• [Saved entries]
= = = = =
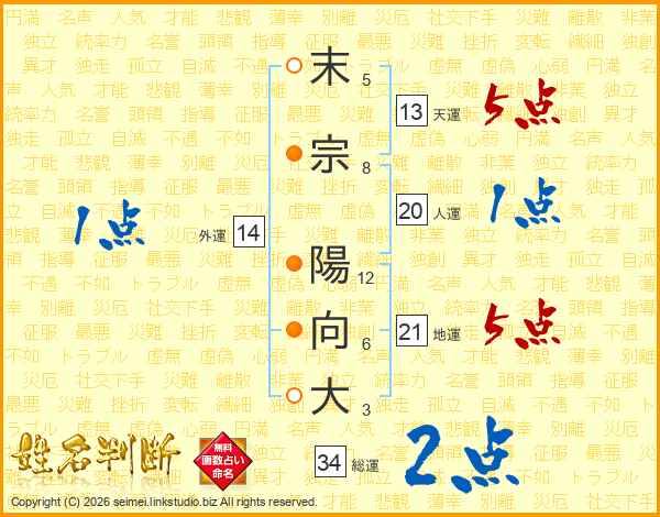 末(5画)宗(8画) 陽(12画)向(6画)大(3画)
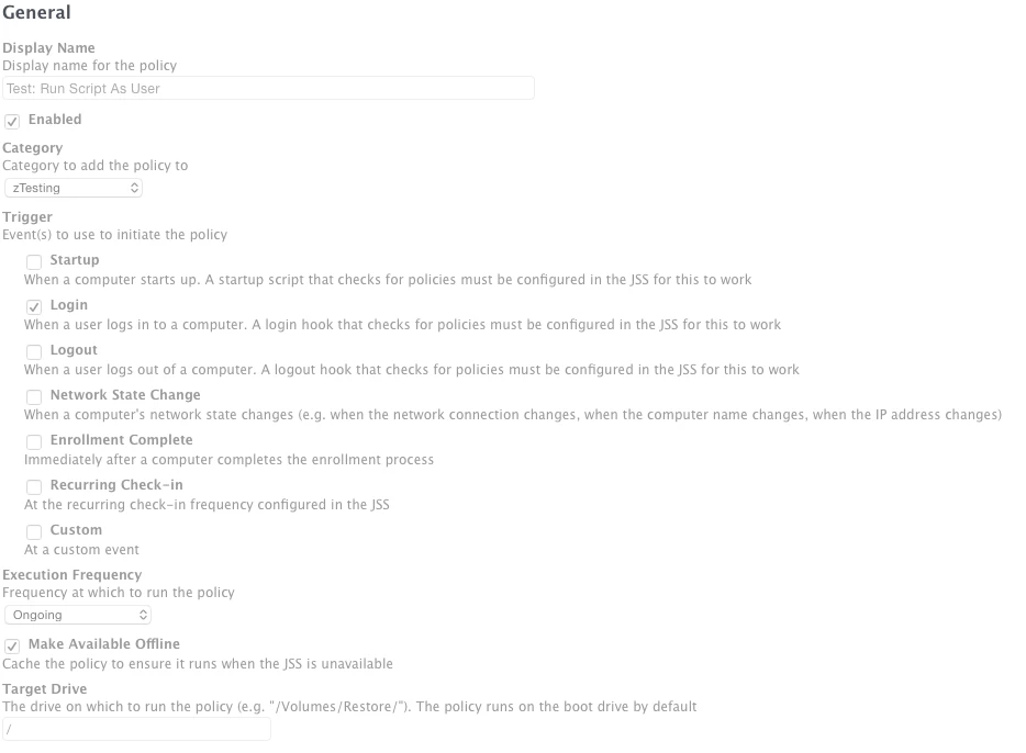 @jacob_salmela This appears to work just fine from terminal, but oddly enough it's not even trying to run at login. It's just showing pending. I can run it manually with "sudo jamf policy -id <POLICYID>" and it works though. Here are screens of how the policy is setup:
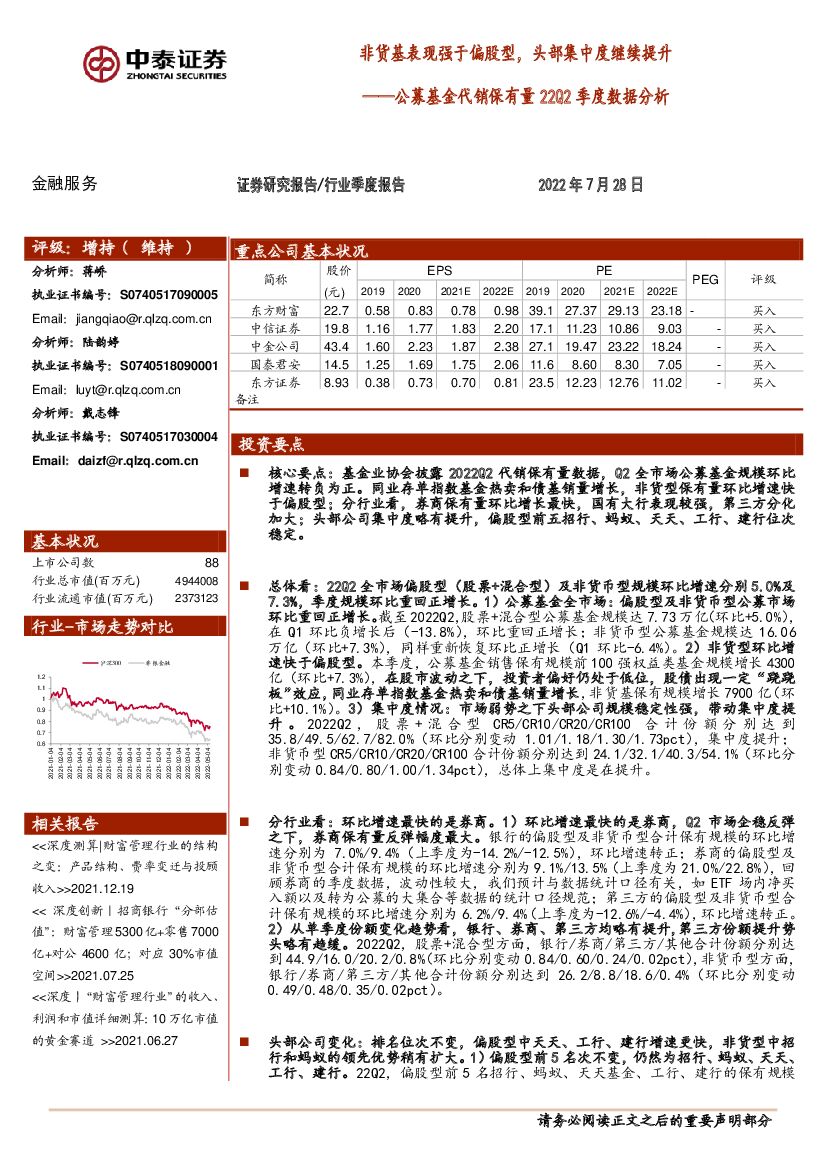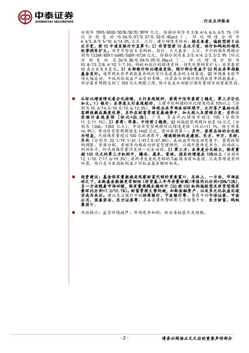中泰证券:公募基金代销保有量22Q2季度数据分析:非货基表现强于偏股型,头部集中度继续提升.pdf
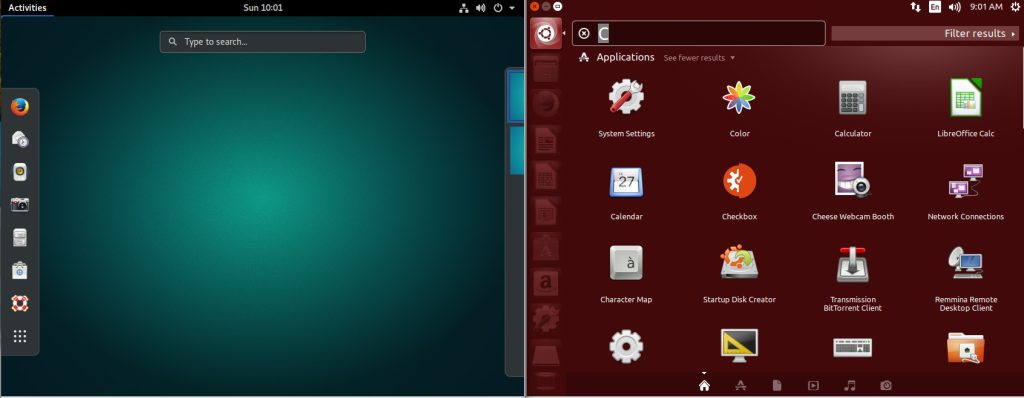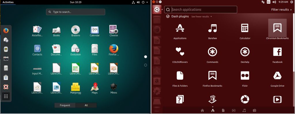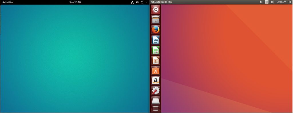 Figure 2: GNOME (left) doesn’t include a default app launcher as does Unity.
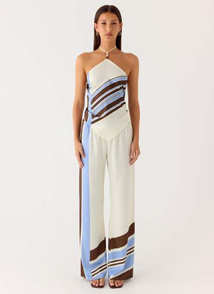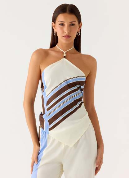The Julissa Halter Top features beaded straps and an open back for a touch of playful elegance. Designed with an exclusive print, this piece offers a flattering silhouette, with each garment boasting a one-of-a-kind print placement for a personalized style statement.
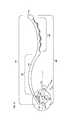 FIGS. 58-59 illustrate an eye-level view of thebottom side345 of asafety razor105 for two-point discrimination according to an embodiment where ablade group265 has asharp blade115 and aninner guard135 parallel to thesharp blade115 on a trailing side of thesharp blade115 opposite theouter comb145 wherein anouter comb145 parallel to thesharp blade115 on a leading side of thesharp blade115 and asubstrate structure215 having agroove305 and adapted to hold theblade group265 and a support on thefront surface375 of thesubstrate structure215 opposite arear surface385. InFIGS. 58-39 theblade group265 having aleft attachment side545 and aright attachment side555 wherein theleft attachment side545 is opposite theright attachment side555 and a user's hand, which is illustrated with a dashed line, is removably holding theright attachment side555 and sliding saidblade group265 along asubstrate structure215 and towards a safety razor leftside505 of theblade group265 and is sliding theblade group265 into thegroove305. In the illustration inFIGS. 58-39 thegroove305 ofsubstrate structure215 having atrack705 while ablade group265 having atrack attachment slot715 close to thebottom side605 of theblade group265 which may have an opening in order for thetrack705 to insert into thetrack attachment slot715 while abottom side605 opposite atop side595 of theblade group265 is entering thegroove305 from the safety razorright side515 opposite a safety razor leftside505.Track attachment slot715 may have a track attachmentsecondary slot725 as illustrated inFIGS. 58-59. Theblade group265top side595 is opposite thebottom side605 and thetop side595 is a portion of theblade group265 touching a skin surface of a user during a shaving stroke during two-point discrimination. The length of theblade group265 or asupport275 referenced as support length575 is the length of theblade group265 orsupport275 inside of theleft attachment side545 and theright attachment side555. The length of the support length575 is about 36.322 millimeters or greater. A preferred support length575 is about 72.644 millimeters.
= = = = =
• [What the task requires] Please retype all the entries word for word, omitting the pictures.

• [Response to this exercise]
 末(5画)宗(8画) 陽(12画)向(6画)大(3画)
 @jacob_salmela This appears to work just fine from terminal, but oddly enough it's not even trying to run at login. It's just showing pending. I can run it manually with "sudo jamf policy -id <POLICYID>" and it works though. Here are screens of how the policy is setup:
中泰证券:公募基金代销保有量22Q2季度数据分析:非货基表现强于偏股型,头部集中度继续提升.pdf
 Figure 2: GNOME (left) doesn’t include a default app launcher as does Unity.
The Julissa Halter Top features beaded straps and an open back for a touch of playful elegance. Designed with an exclusive print, this piece offers a flattering silhouette, with each garment boasting a one-of-a-kind print placement for a personalized style statement.
 FIGS. 58-59 illustrate an eye-level view of thebottom side345 of asafety razor105 for two-point discrimination according to an embodiment where ablade group265 has asharp blade115 and aninner guard135 parallel to thesharp blade115 on a trailing side of thesharp blade115 opposite theouter comb145 wherein anouter comb145 parallel to thesharp blade115 on a leading side of thesharp blade115 and asubstrate structure215 having agroove305 and adapted to hold theblade group265 and a support on thefront surface375 of thesubstrate structure215 opposite arear surface385. InFIGS. 58-39 theblade group265 having aleft attachment side545 and aright attachment side555 wherein theleft attachment side545 is opposite theright attachment side555 and a user's hand, which is illustrated with a dashed line, is removably holding theright attachment side555 and sliding saidblade group265 along asubstrate structure215 and towards a safety razor leftside505 of theblade group265 and is sliding theblade group265 into thegroove305. In the illustration inFIGS. 58-39 thegroove305 ofsubstrate structure215 having atrack705 while ablade group265 having atrack attachment slot715 close to thebottom side605 of theblade group265 which may have an opening in order for thetrack705 to insert into thetrack attachment slot715 while abottom side605 opposite atop side595 of theblade group265 is entering thegroove305 from the safety razorright side515 opposite a safety razor leftside505.Track attachment slot715 may have a track attachmentsecondary slot725 as illustrated inFIGS. 58-59. Theblade group265top side595 is opposite thebottom side605 and thetop side595 is a portion of theblade group265 touching a skin surface of a user during a shaving stroke during two-point discrimination. The length of theblade group265 or asupport275 referenced as support length575 is the length of theblade group265 orsupport275 inside of theleft attachment side545 and theright attachment side555. The length of the support length575 is about 36.322 millimeters or greater. A preferred support length575 is about 72.644 millimeters.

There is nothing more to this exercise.